Warning message

Please note that this page is from our archives. There may be more up-to-date content about this topic on our website. Use our search engine to find out.

COMOX—The school gymnasium at Highland Senior Secondary School was filled to the bleachers on Monday for CUPE BC president Barry O’Neill’s address on the importance of local investment policies that strengthen communities.

Nearly 350 K-12 support staff workers were in attendance to hear O’Neill’s speech, “Investing in Local Economies,” which touched on themes the CUPE BC president developed during a provincial tour in 2008-09. O’Neill’s address was the keynote speech for this year’s professional development day for CUPE 439 (School District 71) support staff workers—similarly themed “Investing in Your Community.”

During his previous visit to the Comox Valley, O’Neill spoke about the ways in which public-private partnerships and trade agreements inhibit the ability of local governments to strengthen the economy in their communities. In Monday’s speech, O’Neill expanded on some of the alternatives that can empower local governments and citizens alike.

We’ve decided to spend ten percent of our budget on local food stores,” he said, describing his own household’s approach. “We can actually make things happen in our community by buying local.”

O’Neill drew applause when he called attention to the over-abundance of foreign-made goods in Canadian airports selling Olympic merchandise.

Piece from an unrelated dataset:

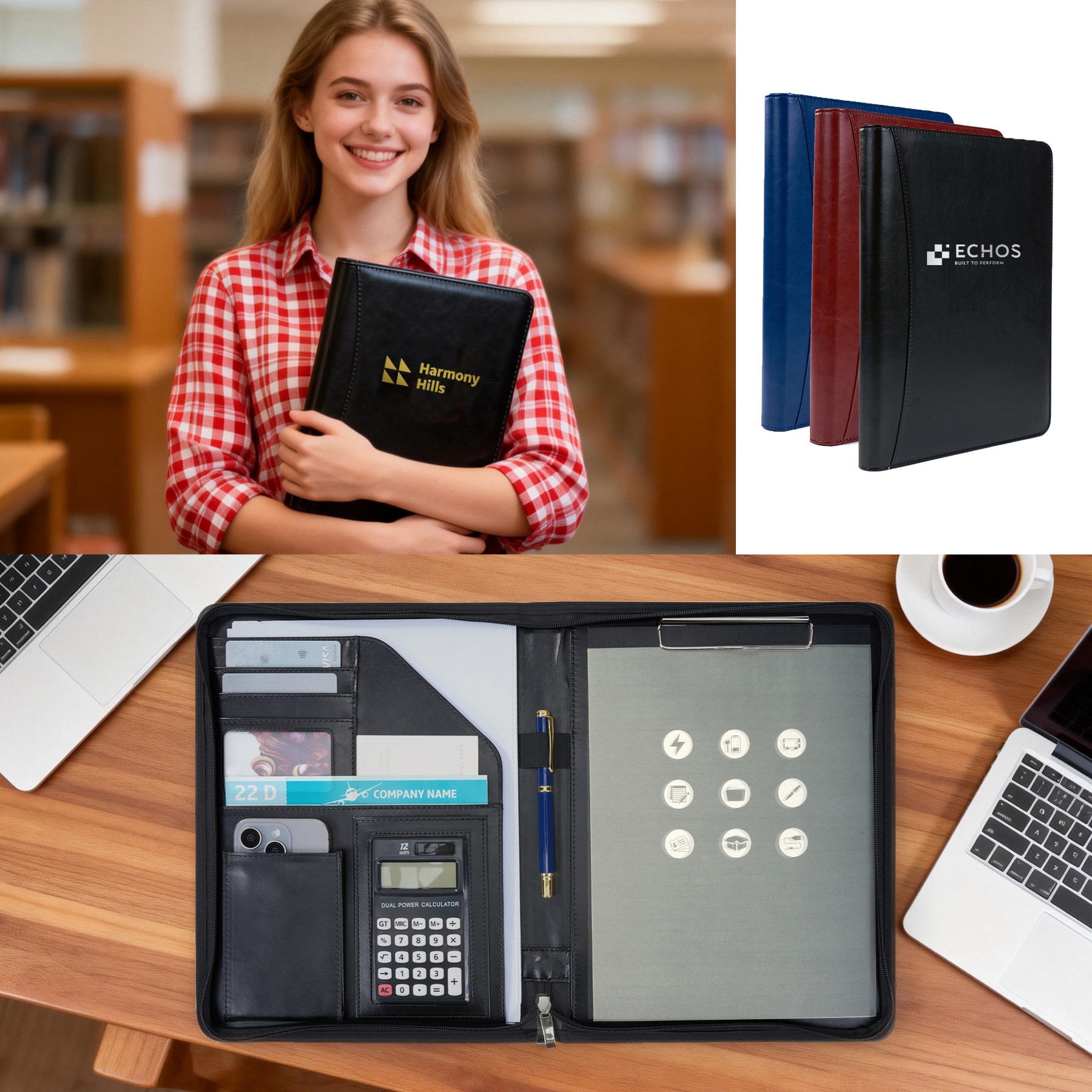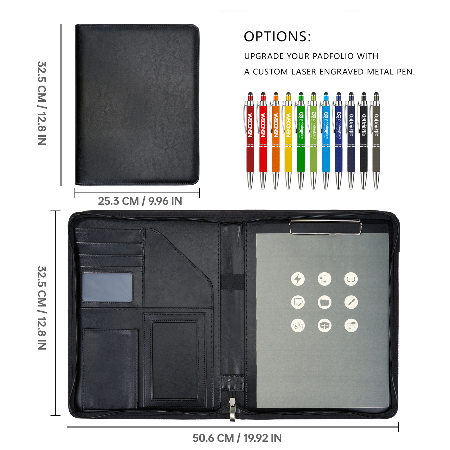 Item#  RO1034 –  Become an advertising leader with the Deluxe Executive Padfolio! Made of simulated leather, this stylish padfolio features a curved exterior pocket, zippered closure, multi-pocket organizer, slash pocket that fits most tablets, pen loop, and an 8 1/2″ x 11″ paper pad (also fits A4). Calculator not included. Optional add-on available with a premium metal stylus pen for enhanced branding. Customize with debossing or foil stamping to elevate brand visibility today! Get a free quote now!

Try and find one single thing—one pencil, one toque, one set of mitts, one book, one top, one track suit—try to find one thing in that store that’s made on our continent,” he said. “You won’t find a single, solitary thing. Not one. The mitts are made in China.”

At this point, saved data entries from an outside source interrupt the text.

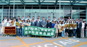 四川汶川大地震后,由澳門特區(qū)政府派出的第二支醫(yī)療隊(duì)21名醫(yī)療志愿人員,23日完成在南充市中心醫(yī)院的支持工作,并于下午4時(shí)20分飛返澳門。社會(huì)文化司司長崔世安、中聯(lián)辦文教部部長劉曉航、衛(wèi)生局長李展?jié)、鏡湖醫(yī)院慈善會(huì)秘書長吳培娟,以及澳門多個(gè)醫(yī)護(hù)團(tuán)體負(fù)責(zé)人到機(jī)場迎接。
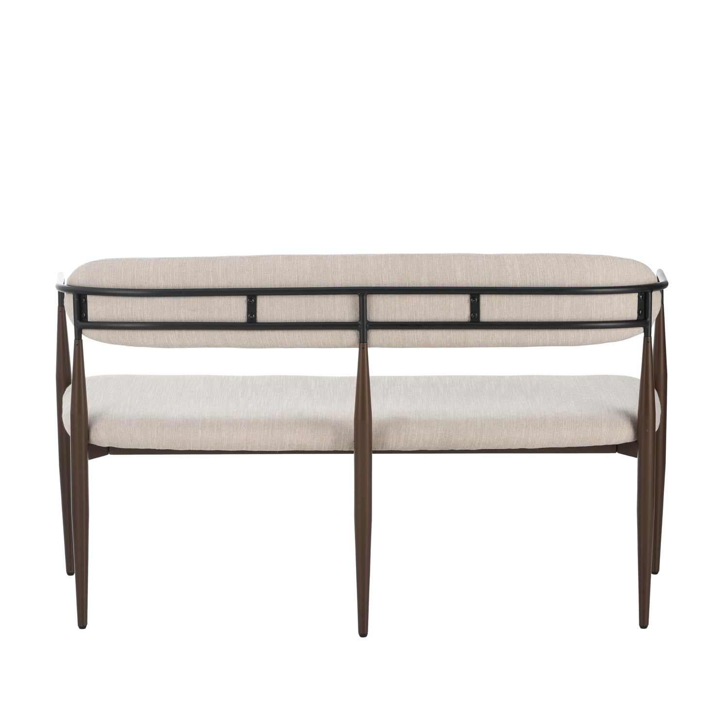 Christopher Knight Home Names Modern Metal Loveseat, Living Room Fabric Upholstered Settee, Curved Open Backrest 2-Seater Sofa, Cozy Couch for Bedroom, Apartment, Home Office, Black+Coffee+Beige
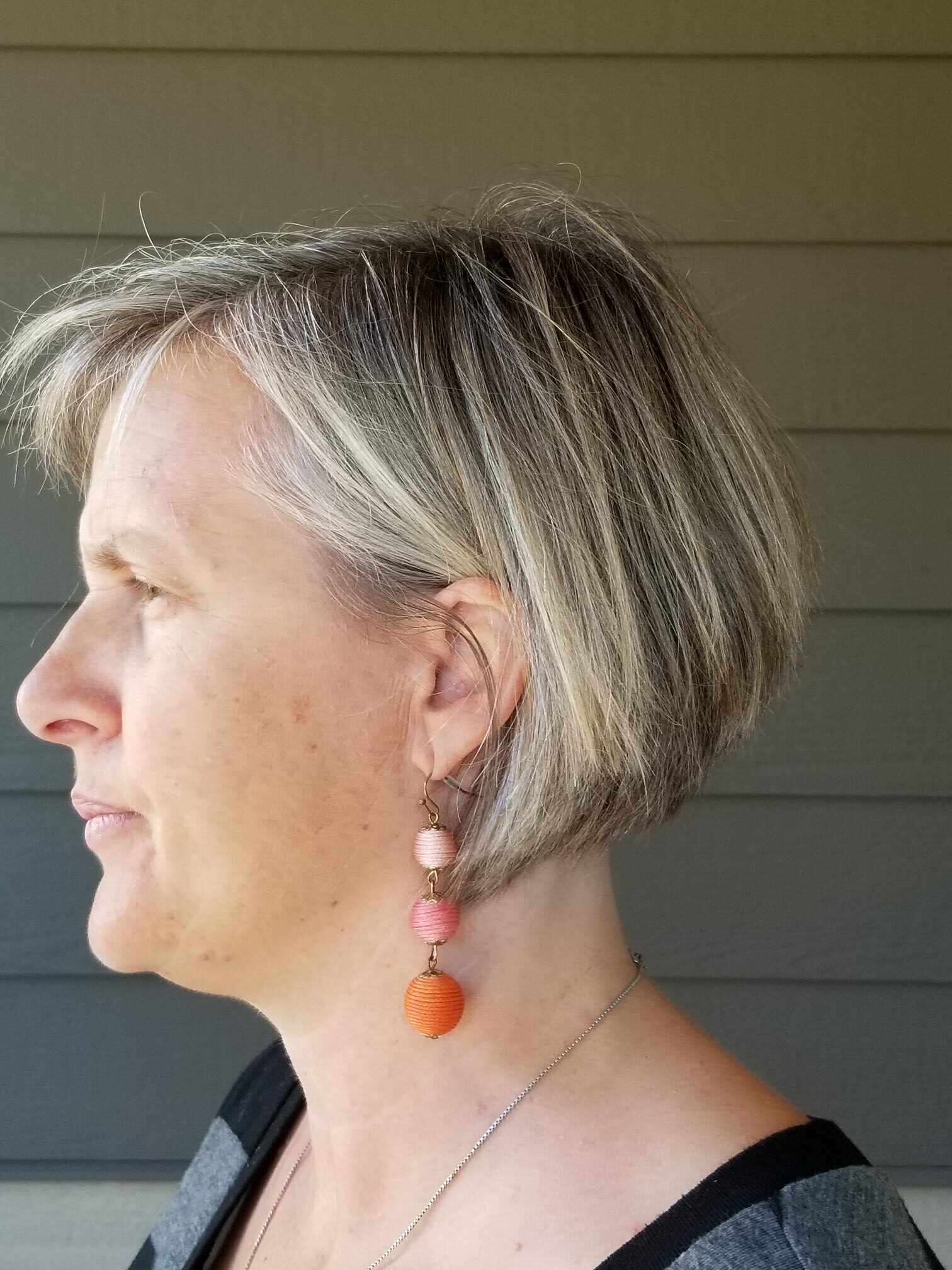 I love short bobs but have been trying to grow it out for the last couple of years. My hubby loves long hair so I prefer to keep it long even though he says he will love me any way I wear it. I cannot bring myself to let the grey come out. Lol! Your cut is so chic!
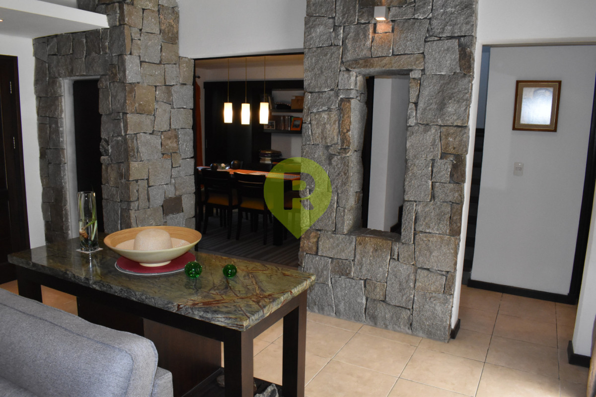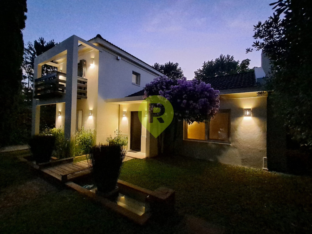 Zwei Etagen auf 600 m² Grundstück. Vollständig umzäunt. Intimität garantiert. Extra Pförtner-Eingang. Mit Kaskade und Brückchen liebevoll gestalteter Garten. Parterre lockt: Weitläufiges Wohn-Esszimmer mit Kamin. Große Fenster integrieren die Natur in Ihr Ambiente. Und führen zur Terrasse. Dort Pergola und Grill. Perfekt für Feste. Hauptschlafzimmer. Vollbad. Geräumige Küche mit Office. Wäscherei. Obergeschoss: Zwei helle Zimmer. Ein Balkon zum Garten. Armoires eingebaut. Zweites Bad. Punta del Este Immobilien strahlen Funktionalität aus. Weil jedes Detail durchdacht ist.
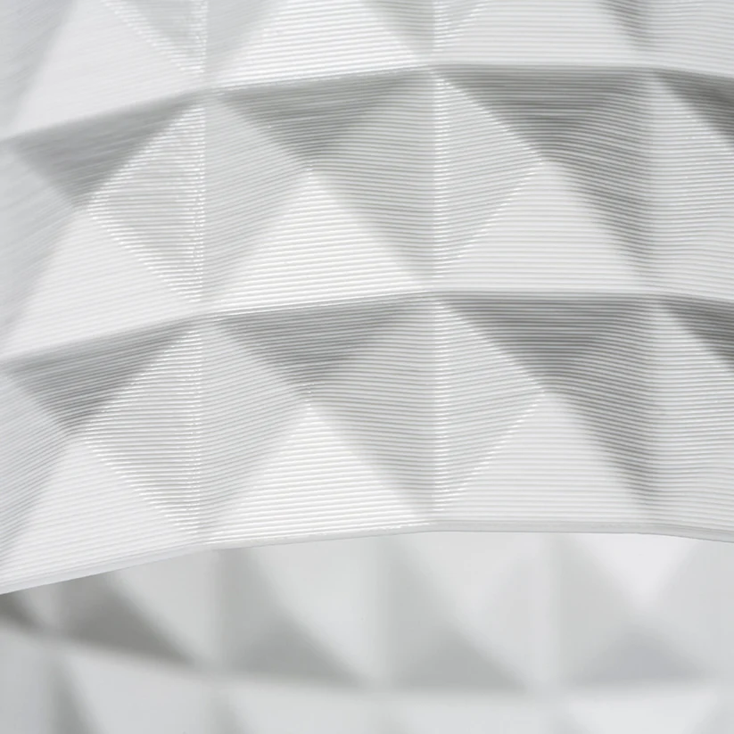 Lampă cu LED încastrat, destinată instalării în tavan din gips-carton, cu adâncime redusă și abajur decorativ. Nuanța decorativă este realizată prin imprimare 3D.

O’Neill ended his speech with a brief overview of three concepts that can change a community’s approach to consumer spending.

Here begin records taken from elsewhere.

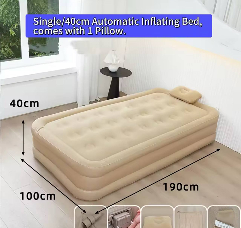 Automatic Self-Inflating Air Bed with Built-in Pump Home Furniture Inflatable Mattress Convenient for Outdoor Activities.
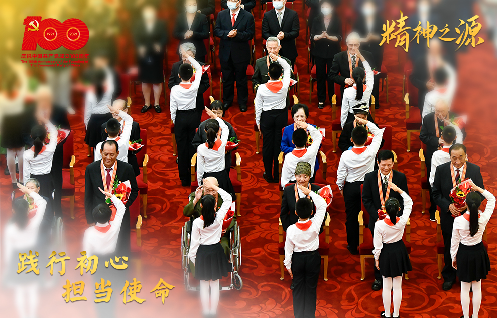 6月29日,慶祝中國共產(chǎn)黨成立100周年“七一勛章”頒授儀式在北京人民大會(huì)堂金色大廳隆重舉行。這是少先隊(duì)員向勛章獲得者獻(xiàn)花,敬禮致意。
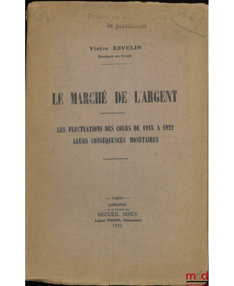 Description : in-8, débr., non coupé, graphiques annexés, (couv. fanée, 4e de couv. partielt détachée, marques de bibl.), int. frais, 219 p.
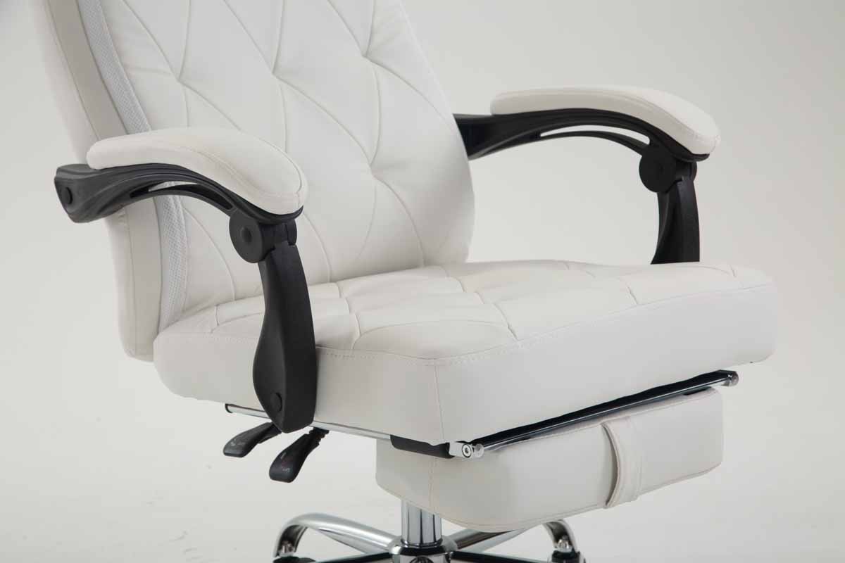 Dieser Chefsessel beeindruckt nicht nur mit seinem klassischen Look und seinen Ziernähten, sondern auch mit seiner integrierten Fußablage. Ein gelungenes Zusammenspiel zwischen Design und Gemütlichkeit. Die hochwertige Polsterung mit Kunstleder- oder strapazierfähigem Stoffbezug ist nicht nur besonders pflegeleicht, sie gewährleistet auch bei längerer Verweildauer ein angenehmes Sitzgefühl. Zudem wird ergonomisches Sitzen durch die stufenlos verstellbare Sitzhöhe unterstützt. Es wird eine Pause benötigt – mit diesem Stuhl ist das kein Problem! Die leicht verstellbare Fußstütze und Rückenlehne laden zum Verweilen ein, bei der entspannt werden darf und die Beine hochgelegt werden können. Dabei steht er standsicher auf fünf Leichtlaufrollen und einem Gestell aus Metall in Chromoptik. Egal ob Hart- oder Teppichböden, man kann immer leicht und locker über den Boden rollen. Materialzusammensetzung Sitzbezug: Kunstleder (100% Polyurethan) oder Stoff (100% Polyester)
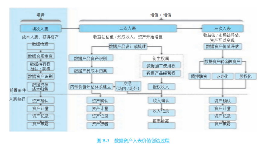 A: 如图 B-3 所示,在实践中,数据资源入表过程是一个分阶段的价值创 造过程。
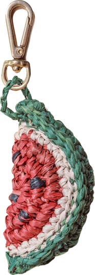 Handwoven by artisans from natural raffia, this watermelon slice charm brings big summer energy to your favorite bag. Subtle variations in weave and color make each charm one of a kind.
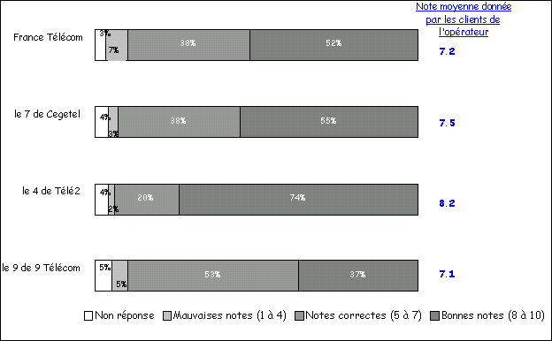 Les taux de problèmes techniques et de facturation rencontrés avec les nouveaux opérateurs sont homogènes et légèrement supérieurs à ceux constatés par les clients de France Télécom. 2-5- L’image des opérateurs de téléphonie fixe Les notes moyennes données aux différents opérateurs par leurs clients sont bonnes, toutes comprises entre 7 et 8. Le 4 de Télé 2 reçoit la meilleure note (8,2) : 74% des foyers qui en sont clients lui attribuent une bonne note (comprise entre 8 et 10). Les autres opérateurs, France Télécom, Cegetel et 9 Télécom, sont perçus de façon assez similaire. L'image des opérateurs du fixe
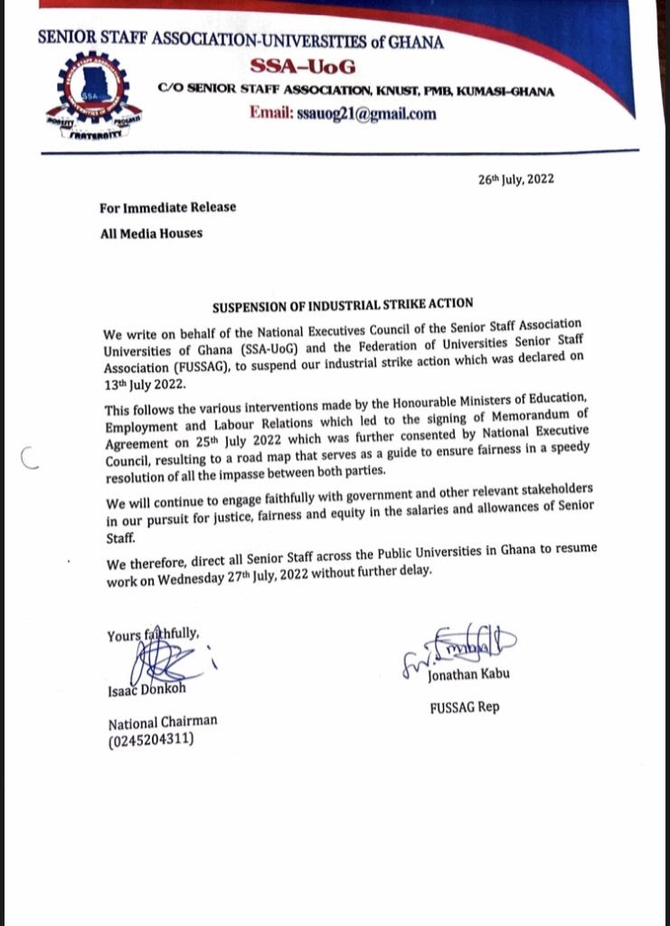 The association therefore, directs all senior staff across the public universities in Ghana to resume work effective today, Wednesday, July 27, 2022, without further delay.

Local economic multipliers, he said, can be defined as “something you do that generates a whole lot more money in your community than it would otherwise.”

One of his favourite examples, he said, is the difference between spending $100 on books at a large chain bookstore and spending at locally owned, independent bookstores.

If you spend that same hundred dollars in two local bookstores, you generate about 92 dollars in your region as a multiplier,” he said. “If you spend the money in a large multinational, that money leaves the community faster.”

To understand the importance of leakage analysis, said O’Neill, “just consider a bucket of money with a whole bunch of holes in it. The idea is to figure out how to stop the money from leaking out of that bucket so that more of the money stays in the community.”

Import substitution, he added, simply refers to the practice of developing markets for food and merchandise that is produced locally so that there is less reliance on foreign goods.

I think we’ve got the know-all to put together an organization that makes mitts or pencils,” he said, referring mockingly to the Olympic stores. “You figure we could make some pencils in B.C. with pine beetle wood? None of this stuff is difficult—you do not have to be an economist to make it happen.”

O’Neill encouraged CUPE members to get involved for the sake of their children and grandchildren.

If we do nothing, we’re guaranteed that nothing’s going to change. It doesn’t mean we’re going to win if we do something—but we’re guaranteed to lose if we don’t try.”

In the spirit of the occasion, CUPE 439 presented a “bag lunch” in recyclable thermal zipper bags bearing the union logo. The day’s lunch was comprised entirely of local products, including bison and organic chicken salad sandwiches, cheese, salad, and desserts.

Workshops at CUPE 439’s PD day included a slide show on homelessness that gave a face to the local homeless in the Comox Valley by providing first-person narratives about their lives; a slide show history of the local K’omoks First Nation; a seminar on safe workplaces, and a screening of “Philosopher Kings,” an acclaimed documentary about janitorial staff at educational institutions, and their struggle for recognition and acceptance.